## [Aim of the task]
Leaving out the images, please reproduce each line below exactly.

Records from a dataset
*** Begin section ***

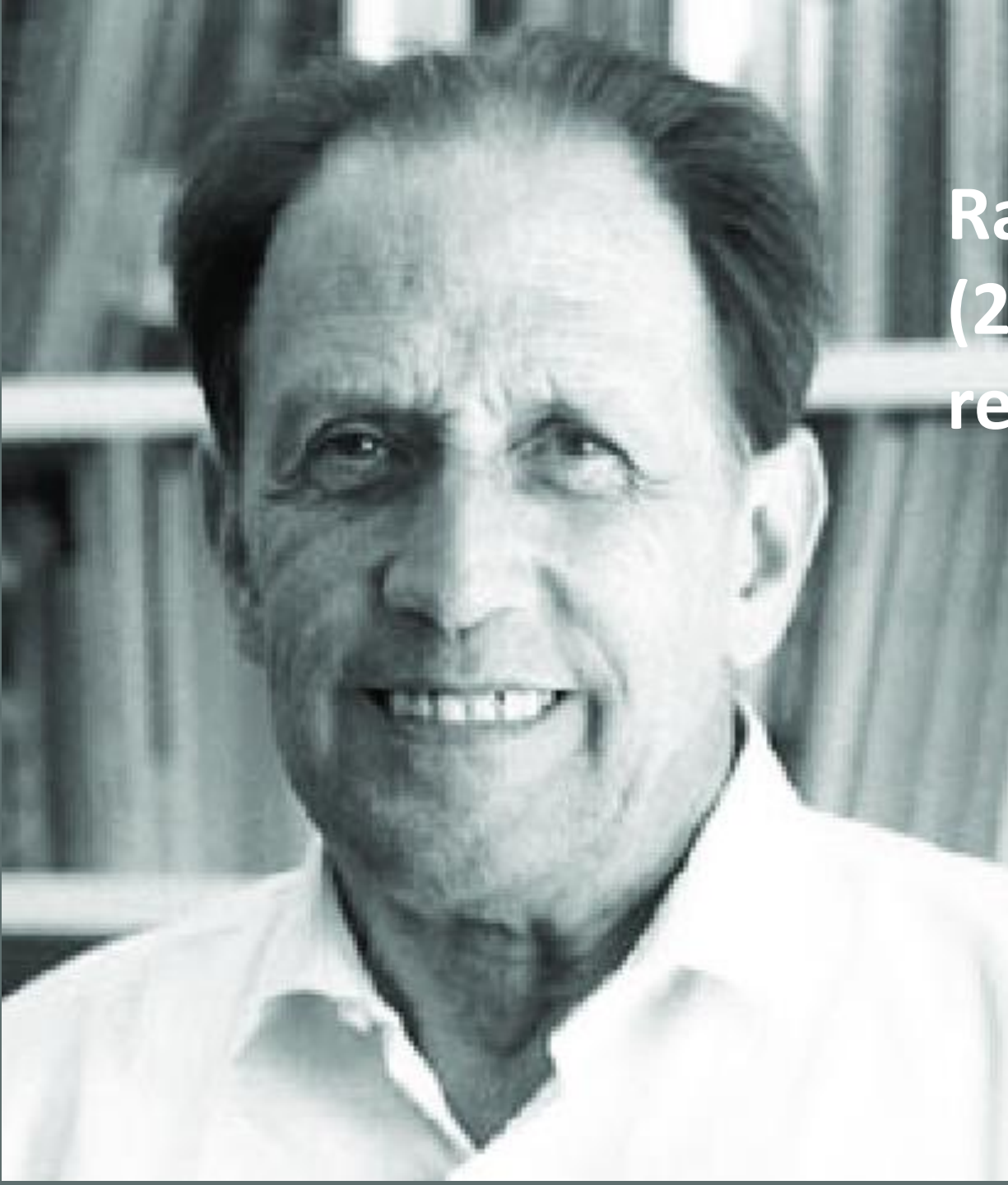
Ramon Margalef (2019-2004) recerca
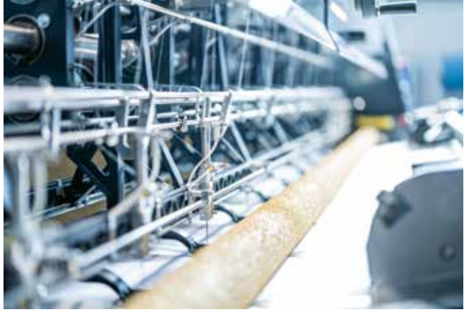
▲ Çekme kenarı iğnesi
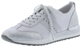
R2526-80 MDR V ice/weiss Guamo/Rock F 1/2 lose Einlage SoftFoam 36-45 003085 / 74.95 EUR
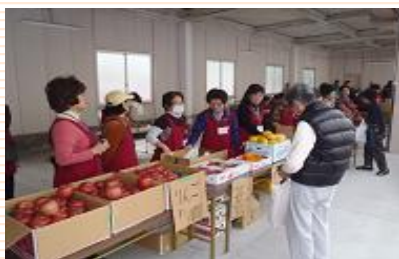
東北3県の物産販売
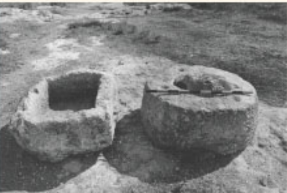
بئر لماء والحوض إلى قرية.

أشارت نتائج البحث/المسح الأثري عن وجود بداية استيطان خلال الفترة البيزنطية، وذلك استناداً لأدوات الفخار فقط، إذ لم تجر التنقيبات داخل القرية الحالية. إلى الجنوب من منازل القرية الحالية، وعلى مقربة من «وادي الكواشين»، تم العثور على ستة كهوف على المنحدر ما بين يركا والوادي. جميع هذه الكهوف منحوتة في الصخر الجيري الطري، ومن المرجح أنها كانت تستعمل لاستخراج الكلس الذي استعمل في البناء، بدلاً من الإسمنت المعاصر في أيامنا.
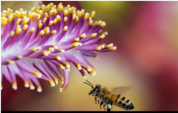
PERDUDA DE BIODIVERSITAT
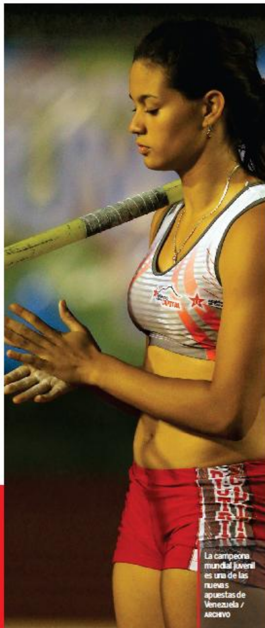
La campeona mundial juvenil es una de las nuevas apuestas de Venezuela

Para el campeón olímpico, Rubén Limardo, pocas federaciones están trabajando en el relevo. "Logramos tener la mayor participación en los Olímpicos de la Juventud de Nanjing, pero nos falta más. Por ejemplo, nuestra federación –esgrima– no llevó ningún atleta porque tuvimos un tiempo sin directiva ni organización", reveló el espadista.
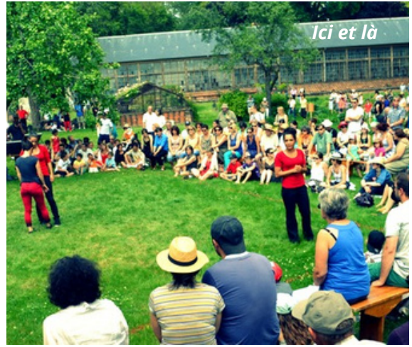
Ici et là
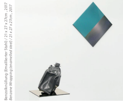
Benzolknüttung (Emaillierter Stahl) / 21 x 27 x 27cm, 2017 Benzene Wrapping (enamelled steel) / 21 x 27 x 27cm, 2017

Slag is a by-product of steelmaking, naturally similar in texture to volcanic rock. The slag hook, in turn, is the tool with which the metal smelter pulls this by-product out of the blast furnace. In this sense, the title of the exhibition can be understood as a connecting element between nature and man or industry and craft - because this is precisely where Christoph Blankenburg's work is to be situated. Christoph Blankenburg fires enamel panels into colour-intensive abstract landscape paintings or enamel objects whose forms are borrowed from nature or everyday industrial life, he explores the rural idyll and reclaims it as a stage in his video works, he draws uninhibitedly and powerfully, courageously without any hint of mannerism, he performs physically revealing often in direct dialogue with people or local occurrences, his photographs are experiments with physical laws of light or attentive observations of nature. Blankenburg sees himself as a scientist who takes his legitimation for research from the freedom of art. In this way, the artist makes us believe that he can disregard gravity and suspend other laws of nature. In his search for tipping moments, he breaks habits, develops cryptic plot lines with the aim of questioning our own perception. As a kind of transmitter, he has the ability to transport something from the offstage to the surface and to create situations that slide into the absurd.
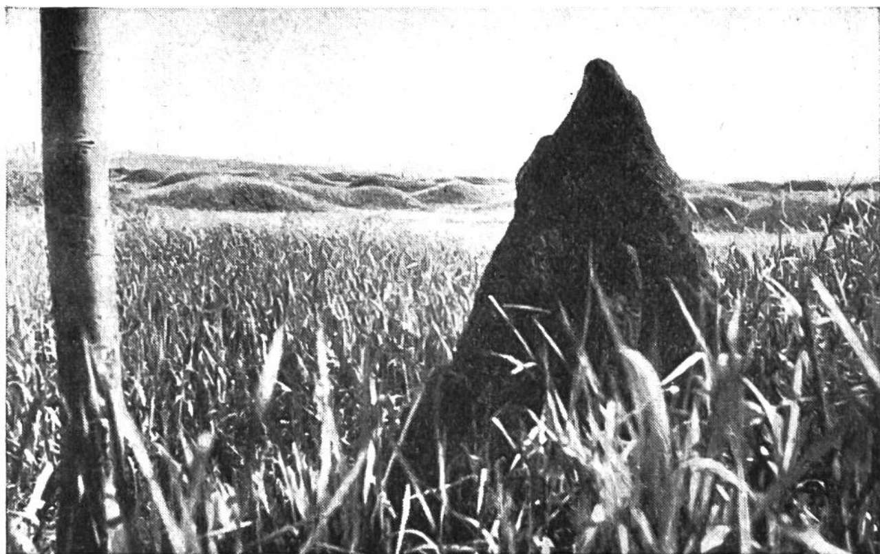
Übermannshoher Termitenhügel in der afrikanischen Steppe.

*** End section ***

## [Task answer]
Ramon Margalef (2019-2004) recerca
▲ Çekme kenarı iğnesi
R2526-80 MDR V ice/weiss Guamo/Rock F 1/2 lose Einlage SoftFoam 36-45 003085 / 74.95 EUR
東北3県の物産販売
بئر لماء والحوض إلى قرية.

أشارت نتائج البحث/المسح الأثري عن وجود بداية استيطان خلال الفترة البيزنطية، وذلك استناداً لأدوات الفخار فقط، إذ لم تجر التنقيبات داخل القرية الحالية. إلى الجنوب من منازل القرية الحالية، وعلى مقربة من «وادي الكواشين»، تم العثور على ستة كهوف على المنحدر ما بين يركا والوادي. جميع هذه الكهوف منحوتة في الصخر الجيري الطري، ومن المرجح أنها كانت تستعمل لاستخراج الكلس الذي استعمل في البناء، بدلاً من الإسمنت المعاصر في أيامنا.
PERDUDA DE BIODIVERSITAT
La campeona mundial juvenil es una de las nuevas apuestas de Venezuela

Para el campeón olímpico, Rubén Limardo, pocas federaciones están trabajando en el relevo. "Logramos tener la mayor participación en los Olímpicos de la Juventud de Nanjing, pero nos falta más. Por ejemplo, nuestra federación –esgrima– no llevó ningún atleta porque tuvimos un tiempo sin directiva ni organización", reveló el espadista.
Ici et là
Benzolknüttung (Emaillierter Stahl) / 21 x 27 x 27cm, 2017 Benzene Wrapping (enamelled steel) / 21 x 27 x 27cm, 2017

Slag is a by-product of steelmaking, naturally similar in texture to volcanic rock. The slag hook, in turn, is the tool with which the metal smelter pulls this by-product out of the blast furnace. In this sense, the title of the exhibition can be understood as a connecting element between nature and man or industry and craft - because this is precisely where Christoph Blankenburg's work is to be situated. Christoph Blankenburg fires enamel panels into colour-intensive abstract landscape paintings or enamel objects whose forms are borrowed from nature or everyday industrial life, he explores the rural idyll and reclaims it as a stage in his video works, he draws uninhibitedly and powerfully, courageously without any hint of mannerism, he performs physically revealing often in direct dialogue with people or local occurrences, his photographs are experiments with physical laws of light or attentive observations of nature. Blankenburg sees himself as a scientist who takes his legitimation for research from the freedom of art. In this way, the artist makes us believe that he can disregard gravity and suspend other laws of nature. In his search for tipping moments, he breaks habits, develops cryptic plot lines with the aim of questioning our own perception. As a kind of transmitter, he has the ability to transport something from the offstage to the surface and to create situations that slide into the absurd.
Übermannshoher Termitenhügel in der afrikanischen Steppe.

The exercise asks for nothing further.